作品図版
ヴィルヘルム・ハンマースホイ(1864-1916)《ピアノを弾く妻イーダのいる室内》1910年 油彩/カンヴァス 76 x 61.5 cm
国立西洋美術館

ヴィルヘルム・ハンマースホイ《ピアノを弾く妻イーダのいる室内》1910年

1.作品解説

 画面の手前には、楕円形のテーブルと一脚の椅子が描かれ、テーブルの端には空っぽの銀色の皿が置かれています。テーブルの右後ろには、四角いテーブルとその向こうには本棚と壁に掛けられた絵が見えます。両開きの扉の奥には、こちらに背を向けてピアノの前に女性が座っています。画面左から差し込む光のなかに現われる室内には、静謐な空気がただよっています。
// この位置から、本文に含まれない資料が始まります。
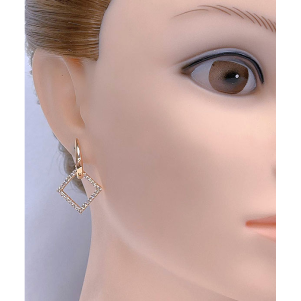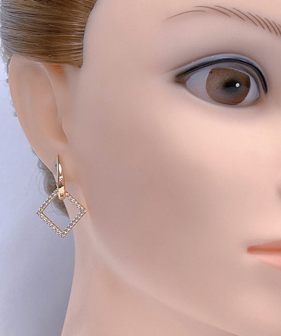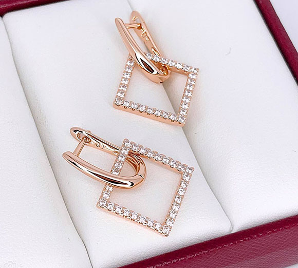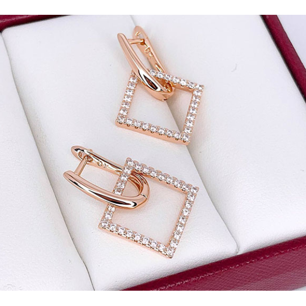 Ювелирный сплав, гипоаллергенное золотое покрытие (из золота 585 пробы), вставки — фианиты. Высота серег 3 см, английский замок.
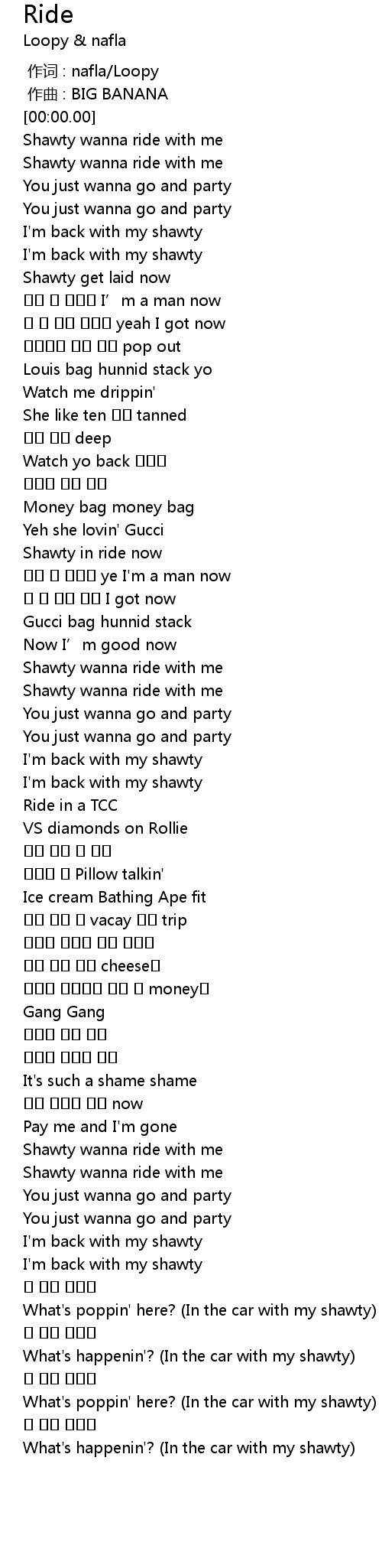 | [02:27.339] | What's poppin' here? (In the car with my shawty) |
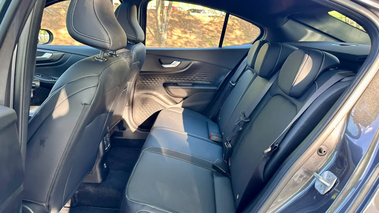 O teto é baixo na segunda fileira, sendo ainda mais atrapalhado pelo nicho da cortina. Além disso, quem senta atrás não tem revestimento de couro nas portas, exceto no apoio de braço. Há saída de ar e duas saídas USB, mas o espaço para uma pessoa no meio é muito limitado.
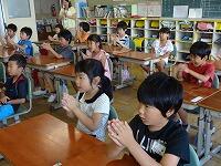 大人の前でも、堂々と話す、菊池学級の6年生たち。

 デンマーク出身の画家ハンマースホイは、白と黒を基調にして、本作品に見られるようなモチーフが置かれた室内の光景を数多く描きました。

○解説リンク

2.キーワード

キーワード:中に入る(小3・4)
「どんな音が聞こえる」

○キーワードにつなげるヒント

 白と黒を基調とするモノトーンに近い色使いから、子どもはすでに部屋の雰囲気を感じているかもしれません。部屋の中に入ったところを想像して、室内の物、人、光の方向、周囲の色などを一つ一つ確認すると、より具体的なイメージが浮かび上がってきます。そこで、室内に響く音を想像して、そこで何が起きているかを話し合ってみましょう。

○子どもの声

「ピアノの音が聞こえる」(小4)

「なんか寂しい感じがする」(小4)

「寒そうな部屋」(小5)

○作品の背景

 ハンマースホイは1910年、コペンハーゲンのブレズゲーゼ25番地のアパートに移り、そこで暮らした3年間に、妻イーダのいる室内画を何点も制作しました。ハンマースホイが描く室内風景画に登場する人物は、人数も少なく後ろ向きであることが特徴の一つとなっています。テーブル、椅子、食器、ピアノなど同じモチーフを繰り返し、丹念に描いた室内画は、フェルメールなどに代表される17世紀オランダ絵画の影響をうかがわせますが、モノトーンに近い色彩から生み出される時が止まったような静かな世界は、ハンマースホイ独自のものと言えるでしょう。